Our hare for the evening was More For Less, who set a neat trail around Putney and Fulham, via Putney and Wandsworth bridges. The RA had done his job well, and the weather remained dry for the duration of the hash. The hare wisely decided to forgo a drink stop so that we could be back in the pub and commence our drinking well before the arrival of the rugby club. The added incentive was the provision of hash food by the Eight Bells, which turned out to be an excellent tasty and filling chicken curry. In fact the pub did us proud with quick service and decent beer for the whole evening, in spite of having to deal with the rugby club influx.

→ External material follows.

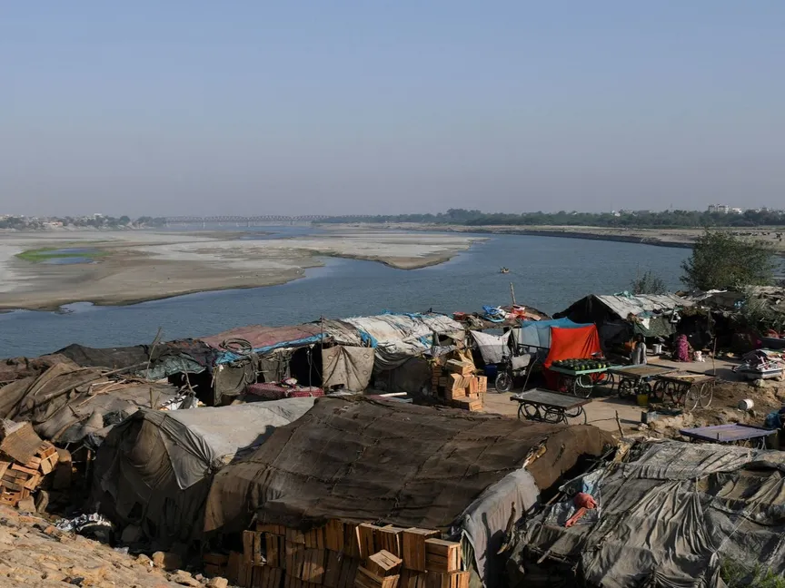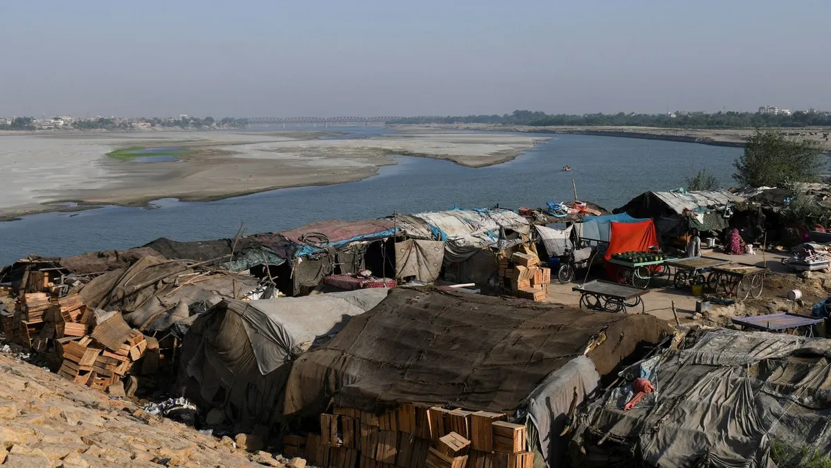 صورة أرشيفية: منظر لخيام سكنية يملكها مستوطنون غير نظاميين على مجرى نهر السند الجاف في حيدر أباد، باكستان. 25 أبريل 2025 - REUTERS

In the circle RA Whacker dished out the usual down-downs to the hare, our visitors, and various miscreants. All in all, a good evening’s hashing.

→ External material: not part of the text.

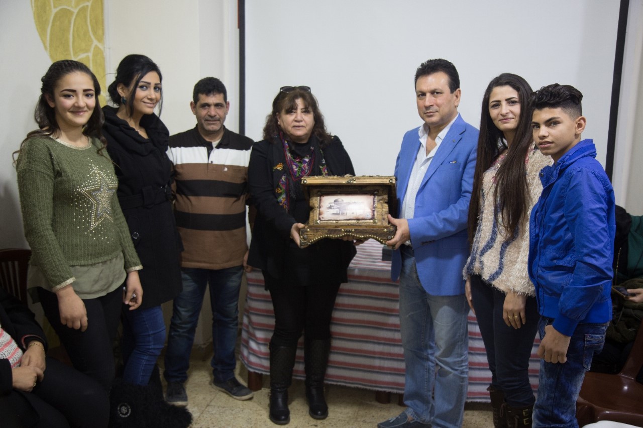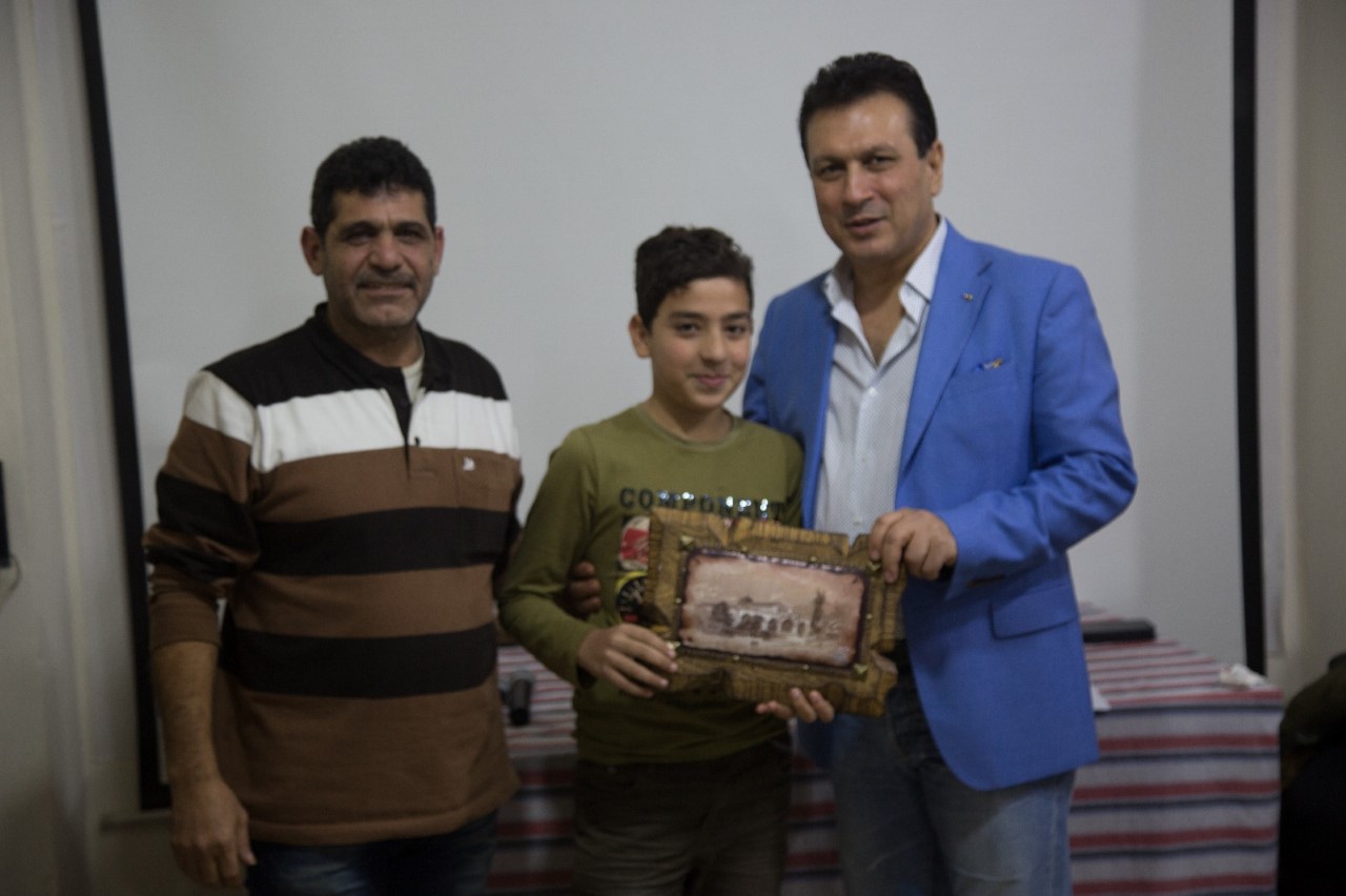 ثم قدّم الأخ ثائر الغضبان درعًا تكريميًّا للراحل الفنان محمود سعيد، تسلمته حرم الراحل السيدة زهرة محمد، بمشاركة الجميع، ووجهت خلالها كلمة شكرت فيها الملتقى الفلسطيني للشطرنج، وللأخ ثائر الغضبان على اهتمامهم بإحياء ذكرى الراحل محمود سعيد، وفي ختام الحفل قدّمت الفنانة لارا زمزم والفنان أيمن أمين بعضاً من الأغاني الوطنية .

This week’s run was hared by Lay Me (with drink stop assistance from Called Away), and supposedly was to celebrate the 70th anniversary of the foundation of the Peoples Republic of China. We were treated to a tour around the West End, surprisingly under the circumstances missing out on Chinatown, even though we passed very nearby. We ended up with a drink stop outside the Chinese Consulate in Portland Place, with plenty of beer and wine on offer, plus fortune cookies and other Chinese themed nibbles. My cookie revealed that: ‘you will find great fortune in unexpected places’. I’m still waiting.
Back in the Stags Head, RA Butt Plug presided over a fairly brief circle, at which down downs were awarded to the hare and our various visitors. The reason for the brevity was the imminent arrival of the traditional Stags Head hashers feast, kindly provided by the pub landlord. That shut everyone up for a good few minutes. Normal beer lubricated socialising resumed for the remainder of the evening.

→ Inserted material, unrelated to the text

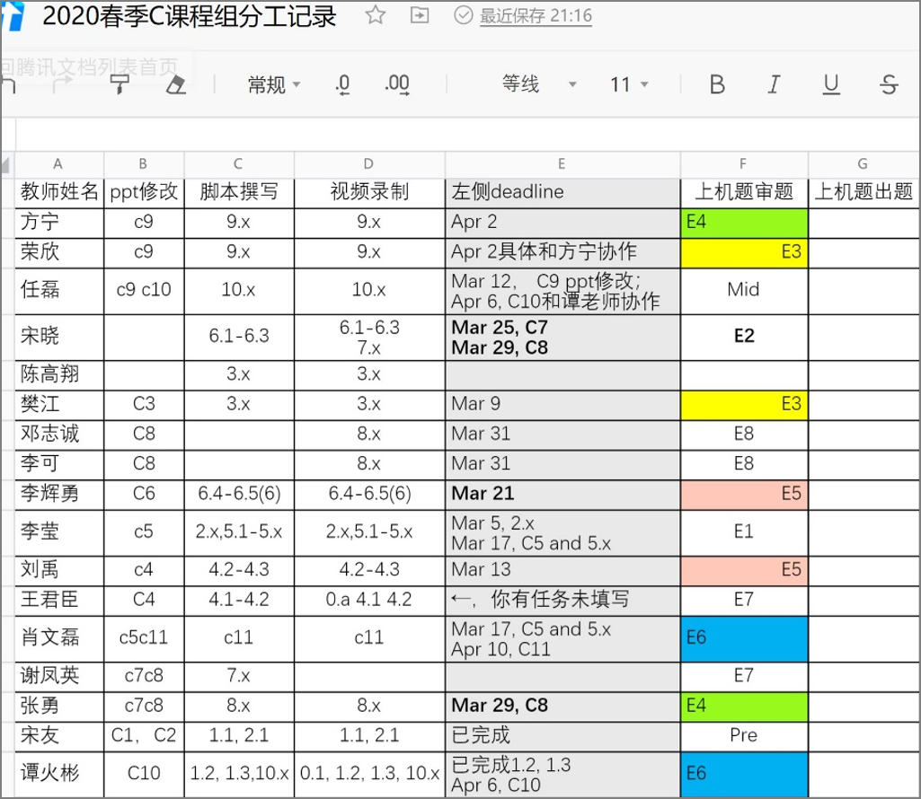 要完全发挥课程团队集体的力量,就需要瞄准目标,齐心协力、分工合作、各展所长。课程团队借助各种在线协作工具共同完成各项在线教学任务,比如在原有教案的基础上,“知识点范围再明确,知识点细节大讨论、知识点精华深总结”,瞄着这个目标,由2-3个教师组成一组,分章对各部分细节项目和内容进行研讨,力求打磨出线上一流课程。

This trail was to have been hared by KC but apparently he has done his back in (get well soon KC), so Dingo and Foreskin agreed to take over the hare role at relatively short notice. So it was that we set off for a very enjoyable run around Bushy Park, thanks to a well marked trail and the fact that heavy rain from earlier in the day held off for most of the evening. Thankfully no hashers were rutted by amorous stags during the run.
A drink stop was on offer, featuring (I think) a refreshing gin and prosecco cocktail, accompanied by Foreskin’s home made sausage rolls.
Back in the pub, RA duties were ably performed by Butt Plug and the usual suspects were awarded their down-downs. I managed to avoid one myself due to Stevie Blunder being visually challenged and mistakenly identifying another, totally innocent, hasher as me and therefore guilty of my misdemeanour. The evening in Teddington was not totally wasted for Bulldozer, who managed to stock up on Christmas presents for her family by rummaging through the recycling bins left out by us wealthy, posh, Teddington residents.